Джим надел перстень и покрутил его на пальце.
– Я даже не знаю, растут ли в Живерни иудины деревья. Я увидел их не там. Элли, пожалуйста, не отвлекайся. Ты даже не… Ладно, поговорим потом. Отдохни пока. А я попробую раздобыть что-нибудь стоящее на обед. Как ты смотришь на…
* * *
Яичница с фасолью. Единственный раз, когда Джим для меня готовил. Выглядело тошнотворно. Сколько я спала? Бусы примотаны к дверному проему. Тлеющие угли в камине. Он снова заставил меня поесть. Немного фасоли и щедрую порцию яичницы. Затем мы продолжили. Перстень принадлежал его другу-драматургу – это он уже рассказывал, – который живет с женой в Париже, – да-да, помню, сказала я.

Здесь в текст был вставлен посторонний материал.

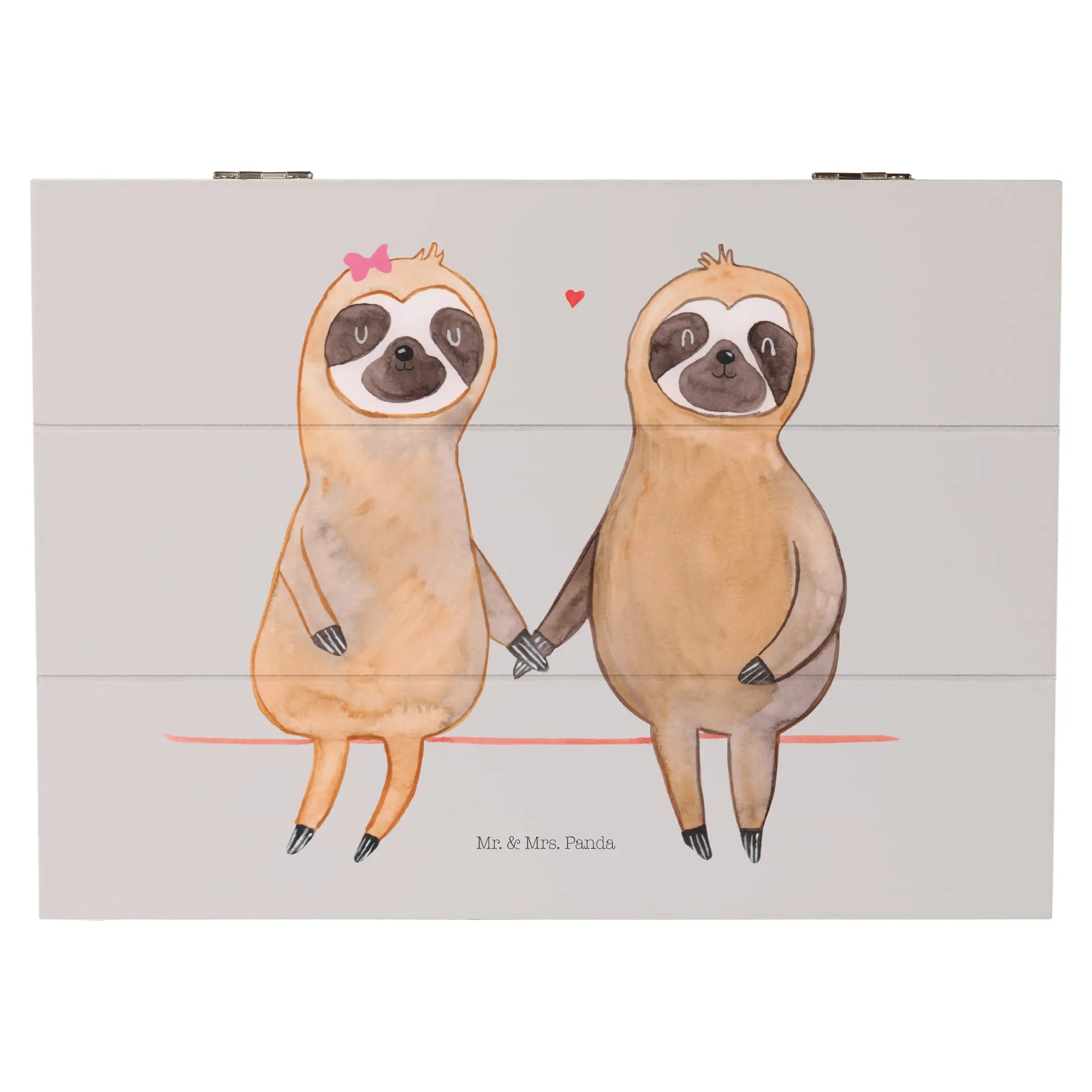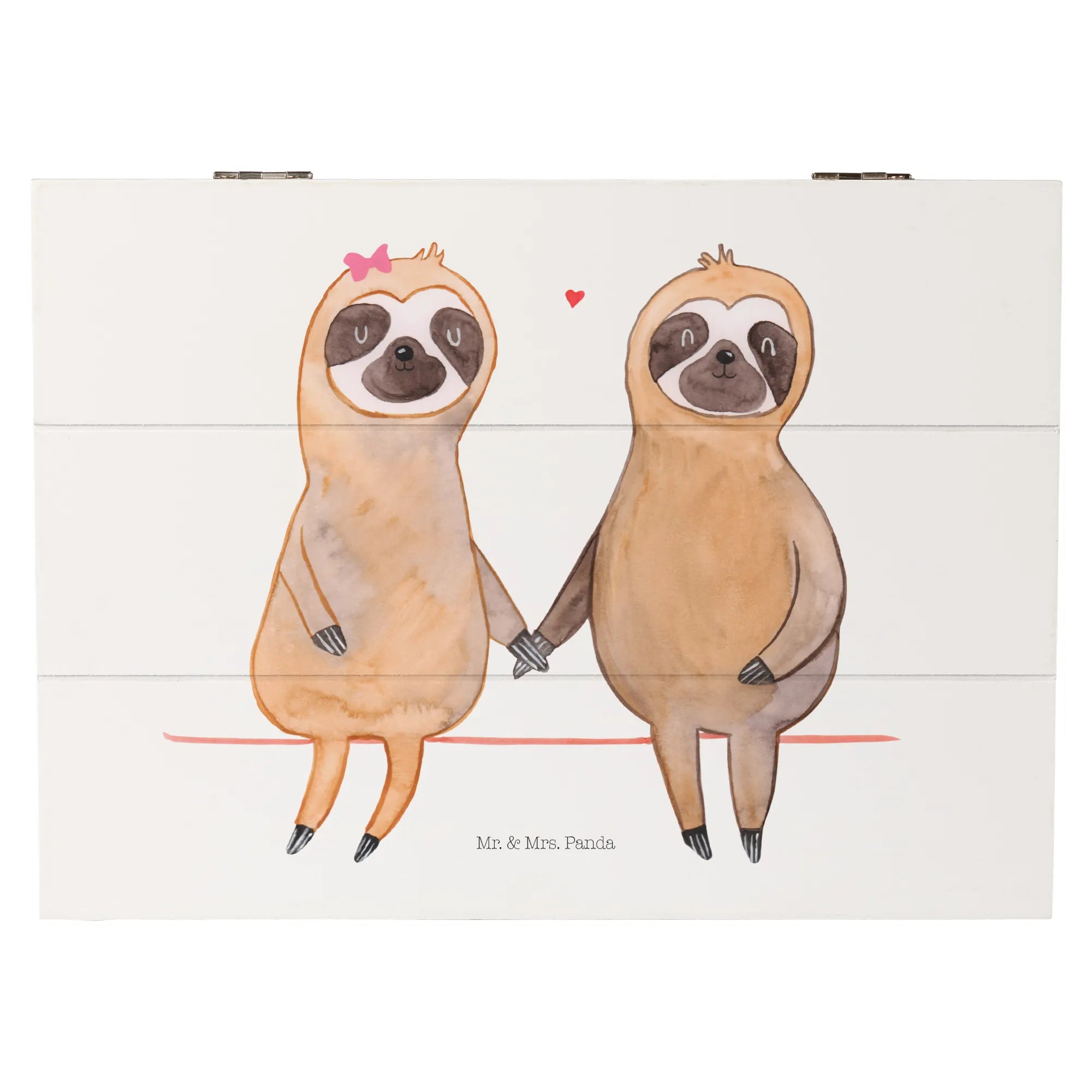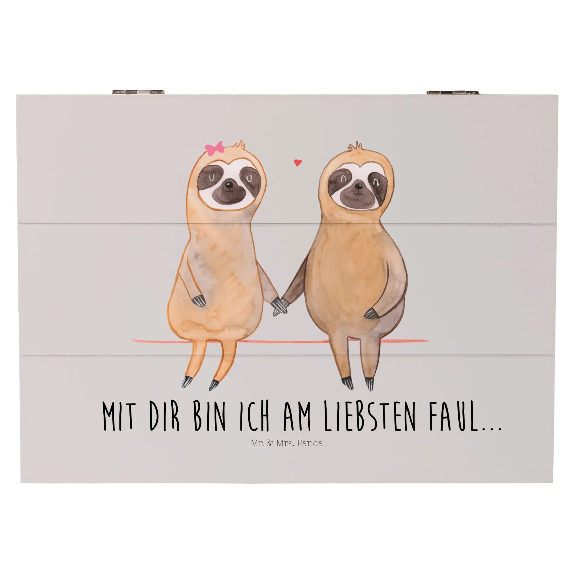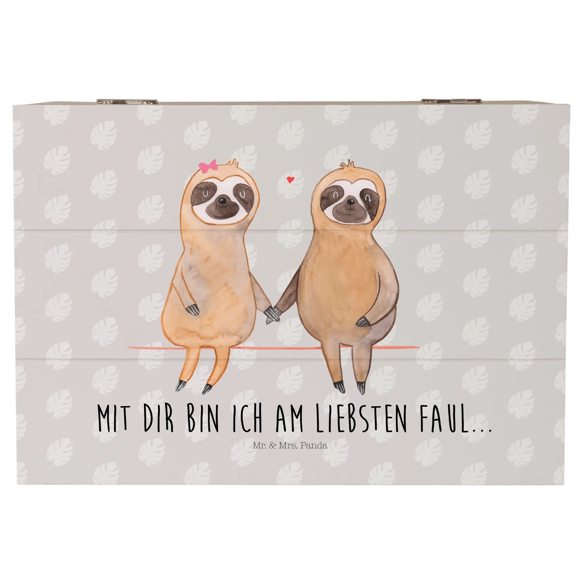 Entdecke die zauberhafte Holzkiste mit dem süßen Faultier Pärchen von Mr. & Mrs. Panda! Diese wunderschöne Erinnerungskiste ist der perfekte Aufbewahrungsort für all deine wertvollen Schätze und besonderen Erinnerungen. Ob zur Kommunion, Konfirmation oder einfach nur als romantisches Geschenk für deinen Schatz – diese Kiste ist ein wahrer Alleskönner!

– Мы вместе служили. Он был моим сержантом. После войны мы виделись всего пару раз, зато часто переписывались. Когда он внес за меня залог… В общем, было видно, что он очень за меня волнуется. Я был в ужасном состоянии. Хуже, чем в армии. Это они с женой помогли мне завязать. Ну, с них все началось.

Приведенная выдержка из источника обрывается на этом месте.